Task details —
Leave out the images and return all the data word for word.

Exercise materials —
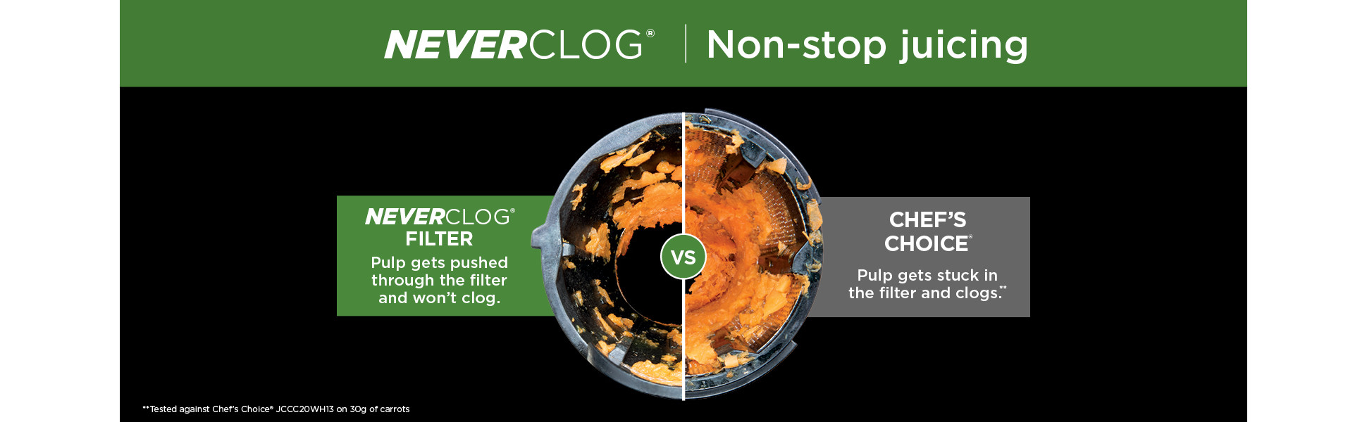 - NON-STOP JUICING: Powers through tough ingredients for powerful, non-stop juicing.
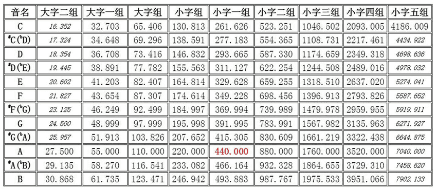 物理学家当年研究音高频率和音阶关系的时候,人为规定了一个标准音的频率,就是小字一组的a音,然后按照简单的音律学计算(主要是十二平均律),就得到了一系列的音高频率,比如钢琴中央键C音就是频率约为261Hz。
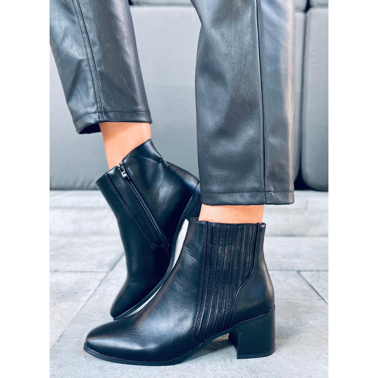 Tama Black korkeakorkoiset nilkkurit ovat täydellinen valinta naisille, jotka arvostavat klassisen ja modernin tyylin yhdistelmää. Nämä laadukkaasta ekologisesta nahasta valmistetut nilkkurit ovat elegantti musta väri ja neliömäiset varpaat, jotka antavat niille ainutlaatuisen luonteen. Leveä 6 cm korkea kantapää takaa vakauden ja mukavuuden jokapäiväisessä toiminnassa, ja Chelsea-saappaita muistuttava kumiosa lisää muodikkaan aksentin.
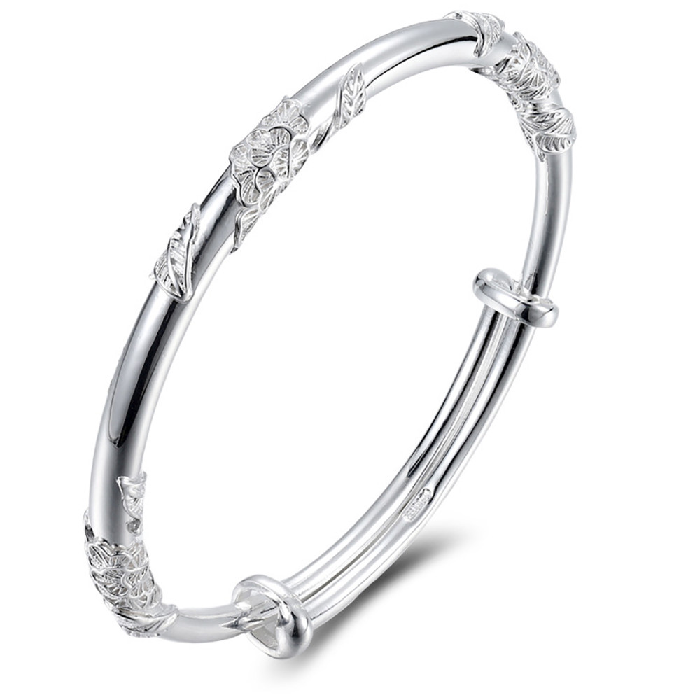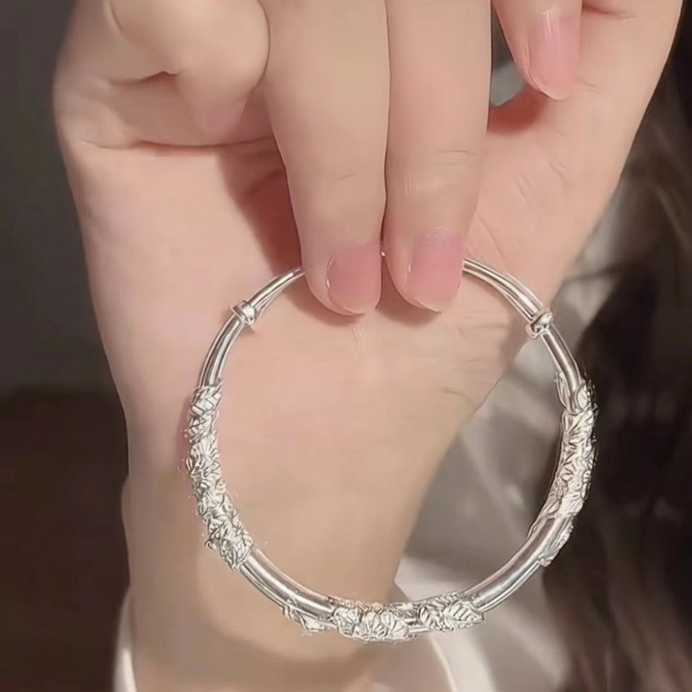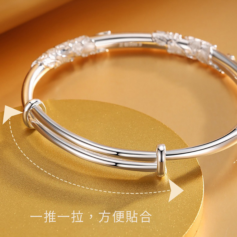 品名:牡丹繁花花絲足銀999純銀手鐲女輕奢精緻高級簡約手鍊
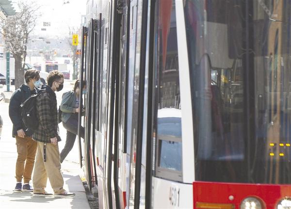 当地时间3月21日,在加拿大多伦多一处车站,戴口罩的乘客排队上车。
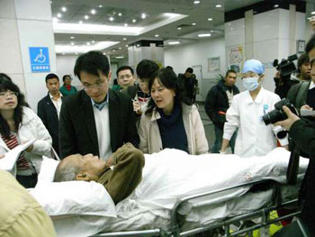 30日傍晚,谢伯在入境处驻粤办的协助下,由内地医院安排救护车,送往文锦渡,再经香港医护人员上车为他检查后,用担架床将他抬上救护车,送往北区医院。

Output of the task —
 - NON-STOP JUICING: Powers through tough ingredients for powerful, non-stop juicing.
 物理学家当年研究音高频率和音阶关系的时候,人为规定了一个标准音的频率,就是小字一组的a音,然后按照简单的音律学计算(主要是十二平均律),就得到了一系列的音高频率,比如钢琴中央键C音就是频率约为261Hz。
 Tama Black korkeakorkoiset nilkkurit ovat täydellinen valinta naisille, jotka arvostavat klassisen ja modernin tyylin yhdistelmää. Nämä laadukkaasta ekologisesta nahasta valmistetut nilkkurit ovat elegantti musta väri ja neliömäiset varpaat, jotka antavat niille ainutlaatuisen luonteen. Leveä 6 cm korkea kantapää takaa vakauden ja mukavuuden jokapäiväisessä toiminnassa, ja Chelsea-saappaita muistuttava kumiosa lisää muodikkaan aksentin.
 品名:牡丹繁花花絲足銀999純銀手鐲女輕奢精緻高級簡約手鍊
 当地时间3月21日,在加拿大多伦多一处车站,戴口罩的乘客排队上车。
 30日傍晚,谢伯在入境处驻粤办的协助下,由内地医院安排救护车,送往文锦渡,再经香港医护人员上车为他检查后,用担架床将他抬上救护车,送往北区医院。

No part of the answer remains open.